Payback was promoted by an appearance by Swain on Late Night With Jimmy Fallon alongside the Roots one week prior to the record's release. The album includes featured performances by various recording artists, and one by actress Amber Tamblyn.

== Overview ==
=== Background ===
Shortly after Swain's previous album Where Is Danny? was re-released in 2011, Swain began to compose a satirical project to expose how listeners were more interested in music by high-profile names than in music of substance.
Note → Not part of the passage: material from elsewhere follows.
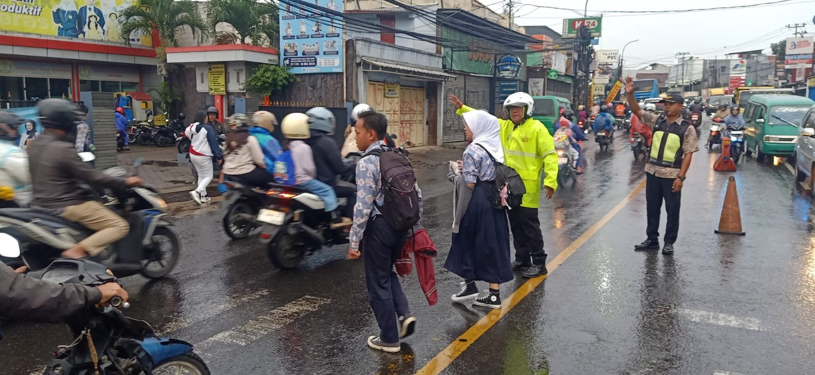 Tak hanya mengatur lalu lintas, Aiptu Awal Candra juga aktif membantu penyeberangan anak-anak sekolah serta warga yang melintas di sekitar lokasi. Kehadirannya di tengah guyuran hujan memberikan rasa aman dan nyaman bagi para siswa yang hendak masuk sekolah, sekaligus mengurangi risiko kecelakaan lalu lintas di ruas jalan yang licin akibat hujan.

Swain spent the remainder of 2011 assembling tracks intended for a digital download album to be released through Interscope. Swain left Interscope's digital label in late 2011 and was later picked up by Questlove's relaunched Okayplayer Records. Payback was largely ready by January 2012.

=== Release ===
Payback, narrated by Joi Gilliam, was revamped for release on September 25, 2012. All tracks were produced by Swain.

One week prior to the album's release, Swain performed "Evil" on Late Night with Jimmy Fallon with the Roots as his backing band.

=== Reception ===

Payback initially received mostly favorable reviews after being delivered to the press at the top of 2012, ultimately earning a 76% rating from review aggregator Metacritic leading up to its eventual fall release. Noting the album's scarcity and constant delays at the time, Popmatters praised Swain's candor as well as the cultural references scattered throughout the album, wondering "how much of the album’s more subversive elements could slip between the cracks at a time when the market behaves as though there’s simply no time or need for inspective ears".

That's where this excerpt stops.